Latency should be the network latency and context setup time - the time to the first token out. Not OpenAI’s printout at the bottom of playground. Otherwise it is less meaningful, especially in view of producing different token lengths. Such a measure also gives a user satisfaction index, how long they sit without seeing anything.

Latency is a time delay.

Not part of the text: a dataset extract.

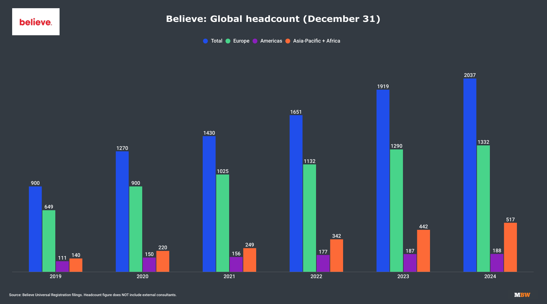 Via its annual registration document with the French financial authorities, Believe reveals its global employed headcount.

Like the time it takes for a signal to bounce off a satellite and be returned, or the time it takes for your cell phone to encode 4g packets.

The time the total job takes is also valuable, but that is obscured here also by varying token counts, when you can use max_tokens and save yourself some money also.

I have a few times I’ve shown benchmarks - also asking for articles about kittens - and I deliniate first-token latency from streaming rate of the rest.

Time of day also matters. Check out this site where jobs are continuously run:

One thing I thought to investigate just for curiosity is how “bursty” models are. Investigate the statistics of 15 tokens released at a time by the content filter or such.

2 Likes

These are great numbers. I wonder how much these results deviate when testing at different regions and times of the day. When googling, I found comparisons of GPT-4o to GPT-4 Turbo between 1.5x and 5x.

I also wonder about the number of input tokens processed per second. I won’t be the only person for whom this is the bottleneck. I have not found any numbers about that.

Do you have data for 4o mini? How would it also compare to 7-8bn open source models hosted on Replicate?